# Masters



## john433 (Mar 20, 2013)

Past Philadelphia masters test pretty stoked today


----------



## Cajunhiker (Dec 14, 2009)

Congratulations.


----------



## MTDUNN (Oct 9, 2011)

Grats! Treat it like a baby and give me a cigar!


----------



## DUNBAR PLUMBING (Sep 11, 2008)

Congrats.

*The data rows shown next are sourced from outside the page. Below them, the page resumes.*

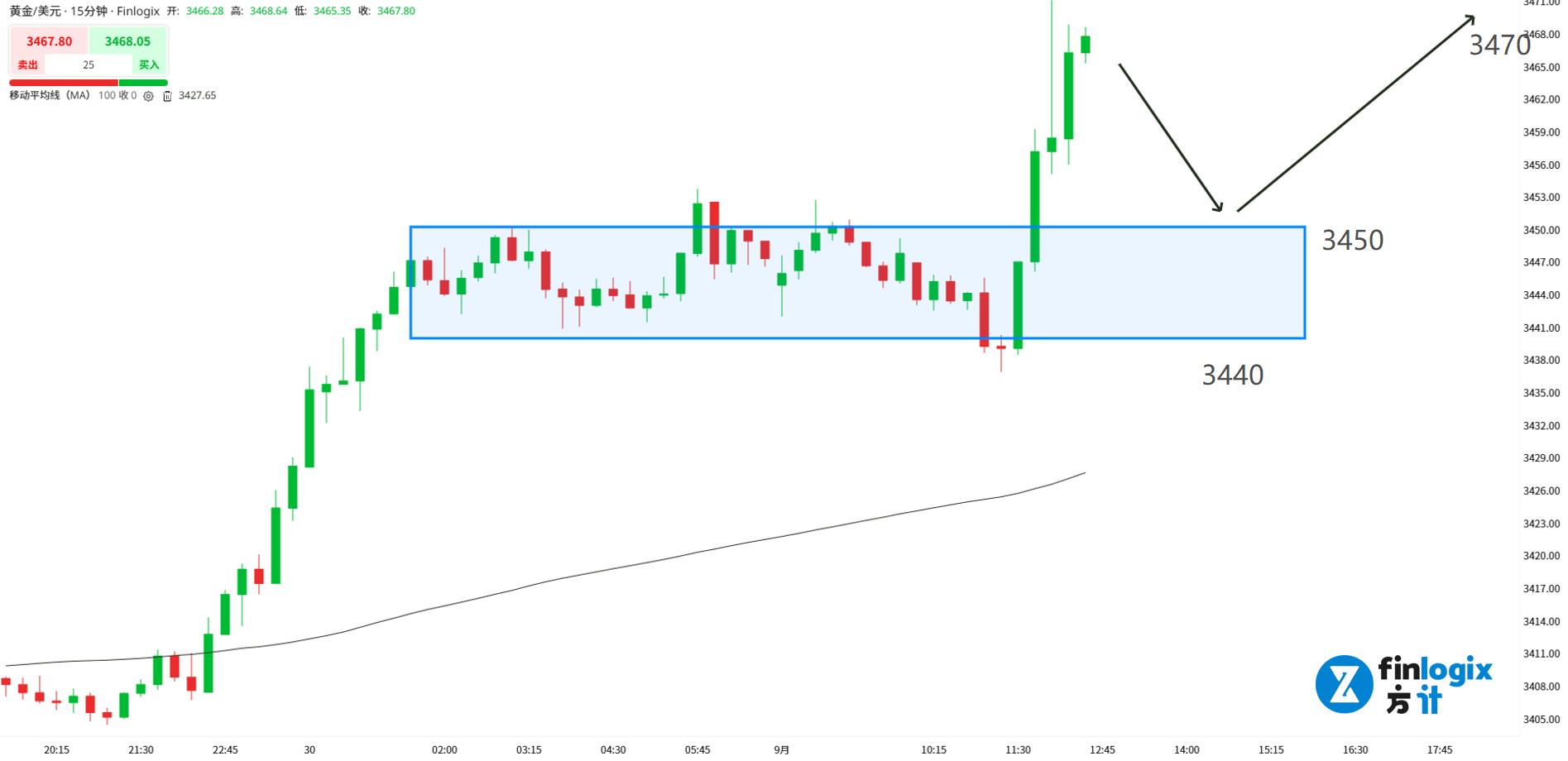 日内与短线交易策略:(趋势跟随)回踩3450后看涨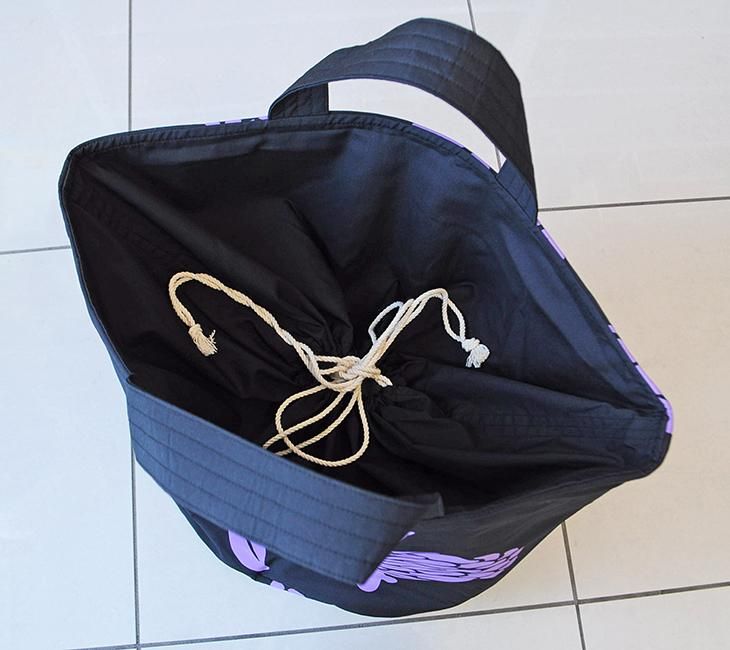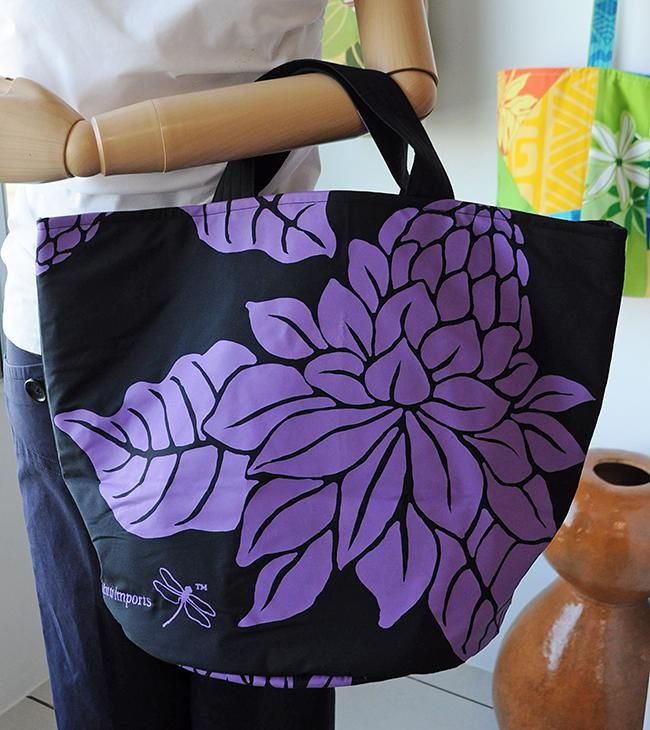 TOP > 〜新商品〜 バケツバッグ・巾着タイプ (L) ブラック&パープル トーチジンジャー柄【1点もの】
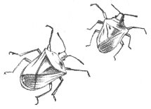 The sand offers few places of retreat and few for hiding. It is not surprising, then, that many of the living things here have a sand-colored protective coloration. There is a large Grasshopper, or Locust, commonly found on the Beach. Its dull, gray, speckled wing-covers make it practically invisible when at rest. But the underwings, used for flight, are a striking orange with black bands. When discovered, the Locust flies up, confusing its attacker with this bright flash of color and a loud whirring noise. Unlike most insects, this Locust eats the thick-skinned, dry Beach Grass.

You've accomplished what only a small percentage of men in the United States ever have the title of becoming.


----------



## PlumbDumber (Aug 7, 2013)

Congratz !!


----------



## john433 (Mar 20, 2013)

Thanks a lot guys it is def a accomplishment


----------



## Tommy plumber (Feb 19, 2010)

....:thumbsup:....congratulations to you sir!


----------



## Cal (Jun 17, 2008)

Outstanding !!


----------



## Lja1821 (Jul 27, 2013)

Congrats:thumbup:


----------



## plbgbiz (Aug 27, 2010)

:clap::clap::clap::clap:


----------



## tims007 (Aug 31, 2013)

Sweet


----------



## integrity (Sep 20, 2013)

Congrats. I'm waiting on my results for ky master exam. It's been a week now. Well done my friend!!! Well done


----------



## NORTHSTAR (Sep 16, 2010)

congrats :thumbup:


----------



## john433 (Mar 20, 2013)

Thanks man ours you got the results the same day witch was nice all ready registered with state city Feds and all of that good stuff ready or not lol


----------



## vinpadalino (Aug 27, 2010)

Nice job


----------